How to install Clickhouse in AWS EKS cluster via Altinity Helm charts and Terraform

Thursday, 5 March 2026

How to install Clickhouse in AWS EKS cluster via Altinity Helm charts and Terraform

Installing ClickHouse on an AWS EKS cluster using Terraform and the Altinity Helm charts typically involves two stages:

Installing the Altinity ClickHouse Operator
Deploying a ClickHouse Installation (CHI)

The Altinity Helm repository is located at https://helm.altinity.com.

Prerequisites

Ensure your Terraform environment is configured with the following providers:

aws: To manage EKS and underlying infrastructure.
kubernetes: To interact with the EKS cluster.
helm: To install the operator.

Terraform Configuration

The following example uses the helm_release resource to install the operator and the kubernetes_manifest resource to deploy the actual ClickHouse cluster.

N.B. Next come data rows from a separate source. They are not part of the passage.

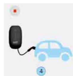
4 Stop charging from the App.
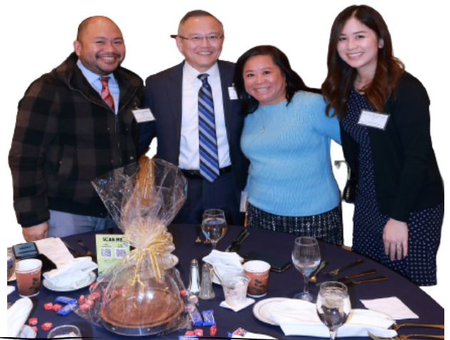
Garden Grove Unified School District
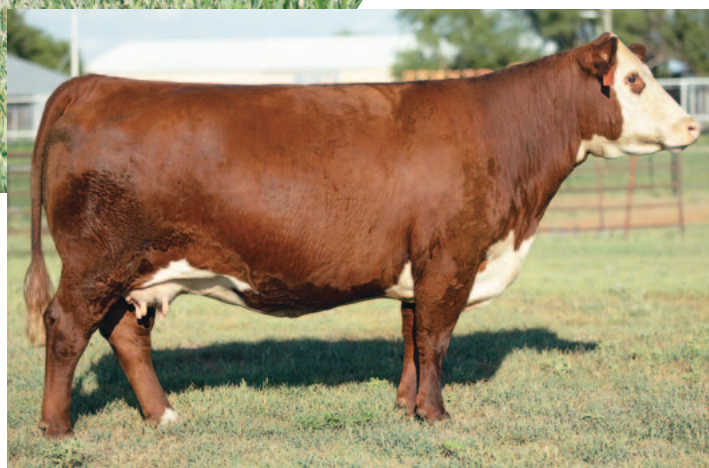
SPEARHEAD B413 HADLEY G16
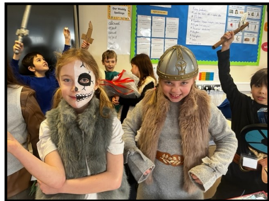
Y4 Vikings during a Topic Week raid!

Topic lessons teach me ... "about interesting things and every time I learn something new."

Step A: Install the Altinity Operator

The operator is the "brain" that manages ClickHouse instances on Kubernetes.

resource "helm_release" "clickhouse_operator" {

name = "clickhouse-operator"

repository = "https://helm.altinity.com"

chart = "altinity-clickhouse-operator"

namespace = "clickhouse-operator"

create_namespace = true

# Optional: Enable metrics for Prometheus

set {

name = "metrics.enabled"

value = "true"

}

Step B: Deploy a ClickHouse Cluster (CHI)

Once the operator is running, you define your ClickHouse cluster using a Custom Resource (CRD). In Terraform, you use kubernetes_manifest.

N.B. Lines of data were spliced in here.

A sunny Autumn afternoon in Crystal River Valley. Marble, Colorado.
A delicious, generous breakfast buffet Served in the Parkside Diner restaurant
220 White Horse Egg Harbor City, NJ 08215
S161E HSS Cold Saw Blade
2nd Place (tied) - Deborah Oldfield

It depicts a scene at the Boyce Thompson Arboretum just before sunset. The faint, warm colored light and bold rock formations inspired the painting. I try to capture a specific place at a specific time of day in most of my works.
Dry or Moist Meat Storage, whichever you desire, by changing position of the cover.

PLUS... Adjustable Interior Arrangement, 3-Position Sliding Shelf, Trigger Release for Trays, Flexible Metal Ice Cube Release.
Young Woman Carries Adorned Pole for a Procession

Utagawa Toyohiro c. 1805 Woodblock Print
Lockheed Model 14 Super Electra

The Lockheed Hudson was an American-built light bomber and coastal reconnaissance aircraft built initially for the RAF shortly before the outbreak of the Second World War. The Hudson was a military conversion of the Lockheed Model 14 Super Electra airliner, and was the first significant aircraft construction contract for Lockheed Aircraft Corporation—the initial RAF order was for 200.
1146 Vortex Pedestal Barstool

resource "kubernetes_manifest" "clickhouse_cluster" {

depends_on = [helm_release.clickhouse_operator]

manifest = {

apiVersion = "clickhouse.altinity.com/v1"

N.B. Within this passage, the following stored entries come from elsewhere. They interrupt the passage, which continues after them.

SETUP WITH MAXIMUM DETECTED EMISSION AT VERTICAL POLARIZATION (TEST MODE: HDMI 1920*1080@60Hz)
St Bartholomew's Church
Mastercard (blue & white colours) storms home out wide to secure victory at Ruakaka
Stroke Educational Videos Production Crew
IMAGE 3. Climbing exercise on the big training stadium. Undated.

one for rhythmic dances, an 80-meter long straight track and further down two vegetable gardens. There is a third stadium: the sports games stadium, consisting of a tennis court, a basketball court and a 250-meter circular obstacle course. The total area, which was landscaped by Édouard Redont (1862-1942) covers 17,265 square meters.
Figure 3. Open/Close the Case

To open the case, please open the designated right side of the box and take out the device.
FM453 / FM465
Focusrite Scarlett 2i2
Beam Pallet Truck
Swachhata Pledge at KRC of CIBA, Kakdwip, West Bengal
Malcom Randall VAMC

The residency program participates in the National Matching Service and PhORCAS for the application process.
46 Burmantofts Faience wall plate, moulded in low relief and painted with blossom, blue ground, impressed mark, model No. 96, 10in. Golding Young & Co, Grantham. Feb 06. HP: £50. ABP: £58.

kind = "ClickHouseInstallation"

metadata = {

name = "simple-clickhouse"

namespace = "clickhouse-operator"

}

spec = {

configuration = {

clusters = [

{

name = "cluster1"

layout = {

shardsCount = 1

replicasCount = 1

}

]

}

Production Considerations for EKS

When running ClickHouse on EKS, you should consider storage and networking:

Storage Class: Use AWS gp3 volumes for a good balance of price and performance. You can specify a volumeClaimTemplate in your kubernetes_manifest.
Node Affinity: It is recommended to run ClickHouse on specific node groups (e.g., using i3 or r5 instances) to ensure it doesn't compete with other workloads for IOPS.
Zookeeper/Keeper: For multi-node shards or replicas, you will need a Zookeeper cluster or the ClickHouse Keeper (also available via Altinity charts).

EKS Module

Altinity maintains a dedicated Terraform EKS ClickHouse module that automates the entire VPC, EKS, and ClickHouse setup if you prefer a pre-packaged solution.

How to view Clickhouse Installation Configuration?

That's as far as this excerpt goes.